Além das questões relacionadas à origem e formas, discute-se atualmente o papel das pequenas oficinas no fornecimento e abastecimento dos mercados consumidores, tendo inerente algumas ideias como a de Pucci (1985), que sugere que essas pequenas oficinas formavam verdadeiras redes direcionadas a demandas distintas, o que parece ser de fato, uma interessante hipótese (p.369). Analisando as marcas de oleiros e compilando os dados existentes sobre sigillata arretina, Fulle observa o caráter não-urbano dessa produção, na mesma tendência das ânforas e cerâmicas de construção (Fulle 1997: 111-155). Essa afirmação acaba contrariando, portanto, a ideia das oficinas cerâmicas como “empresas‟‟ destinadas à produção, com elevada subdivisão e especialização do trabalho, na incidência de grandes centros urbanos.

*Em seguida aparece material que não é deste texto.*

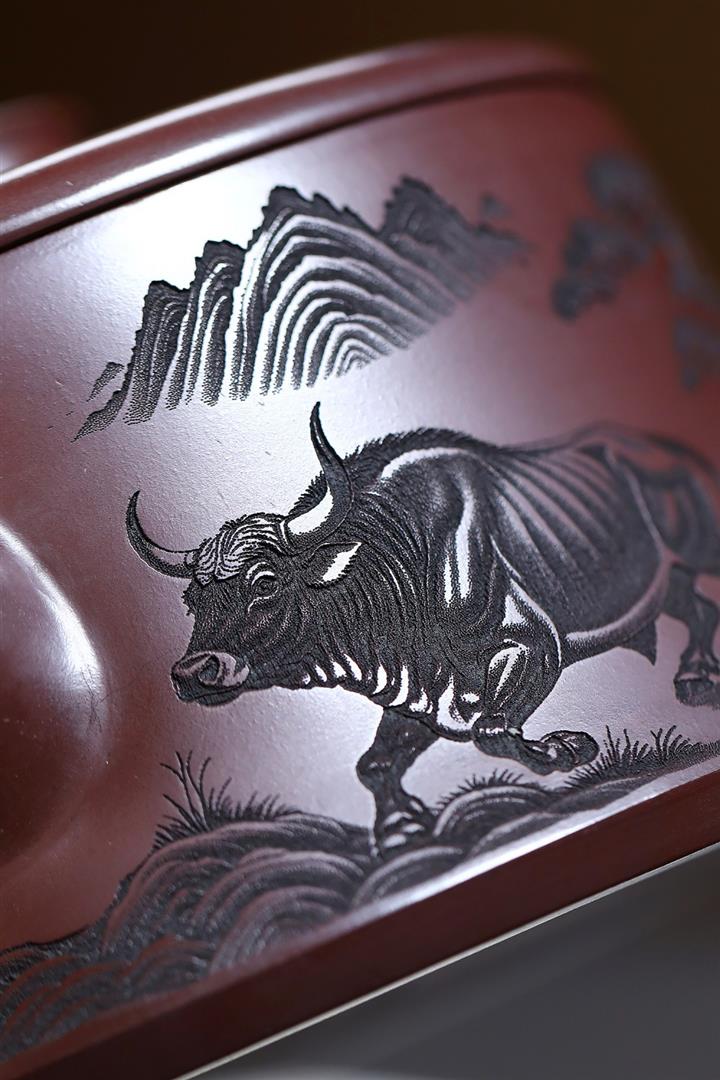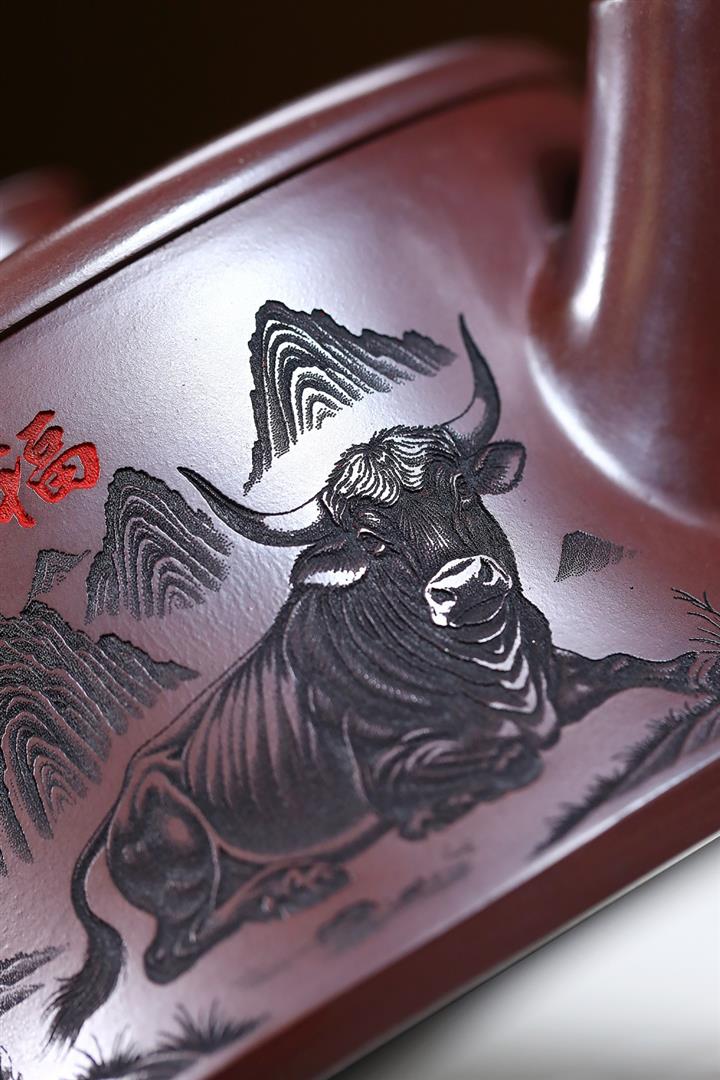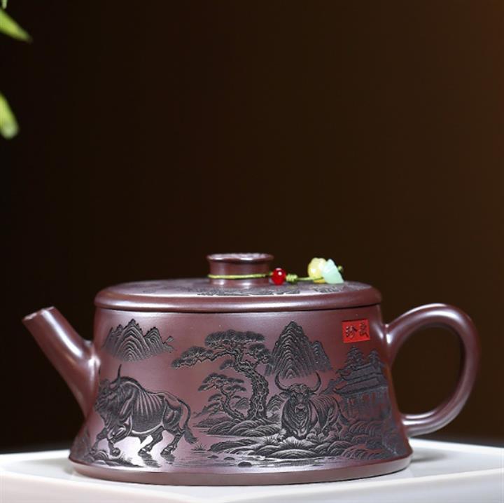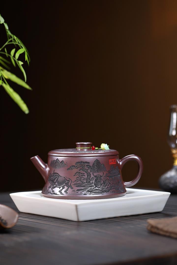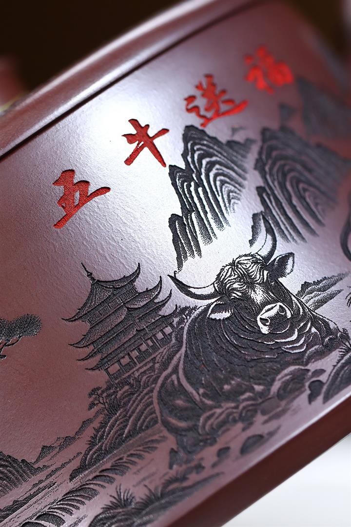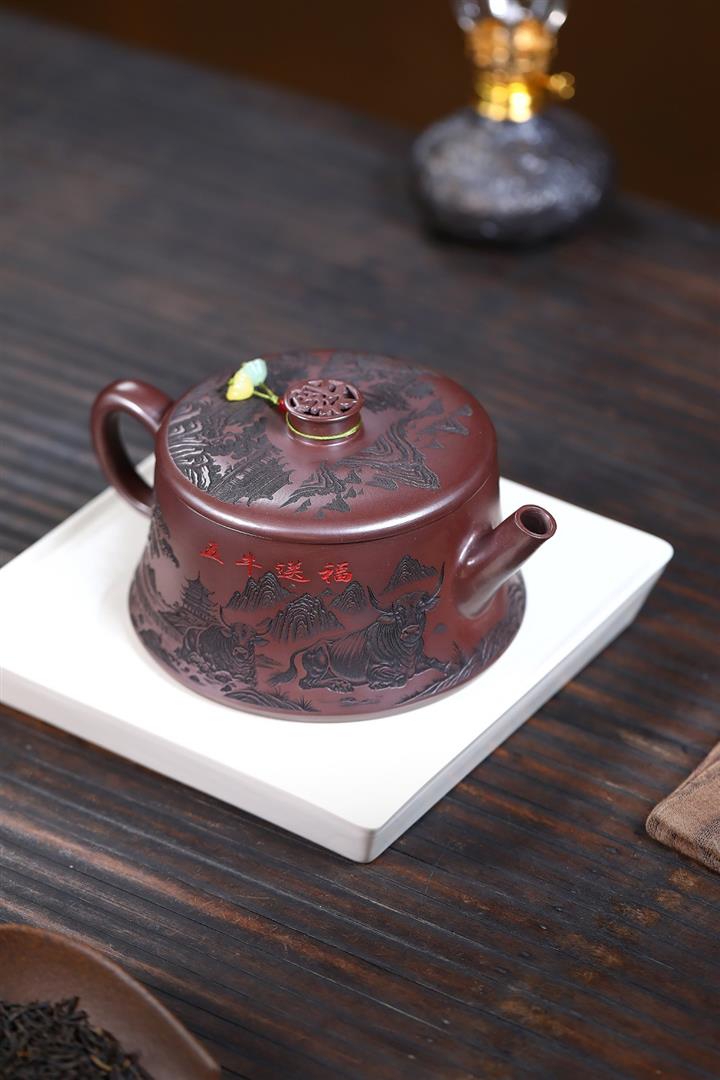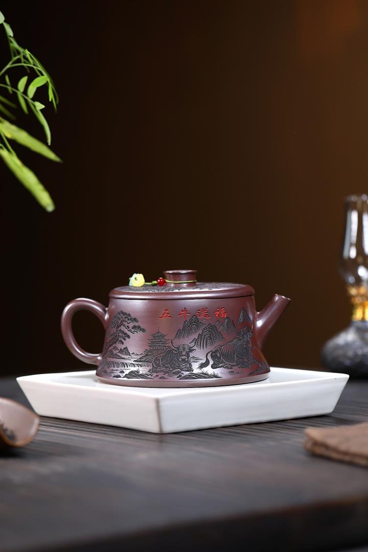 500cc原礦石紅泥五牛柱礎茶壺POT9322

Assim, as terra-sigillata de tipo itálico tem sua produção identificada para a região da Etrúria, por volta de 45 a.C., coincidindo com as datações para as produções da cerâmica campânica. A fabricação do conjunto cerâmico itálico é caracterizada em linhas gerais por uma pasta dura, de fratura linear com pequenos vácuos, alongados ou arrendados, pouca quantidade de enp e de pequenas dimensões, brancos ou branco- amarelados. O engobo contém brilho e geralmente de espessura média (Quaresma 2009: 13). Os fabricos iniciais desse tipo cerâmico demonstram o escasso domínio da oxidação e é possível notar nos engobos vermelhos algumas manchas acastanhadas, fruto do processo de cozedura (Veigas 2003: 43).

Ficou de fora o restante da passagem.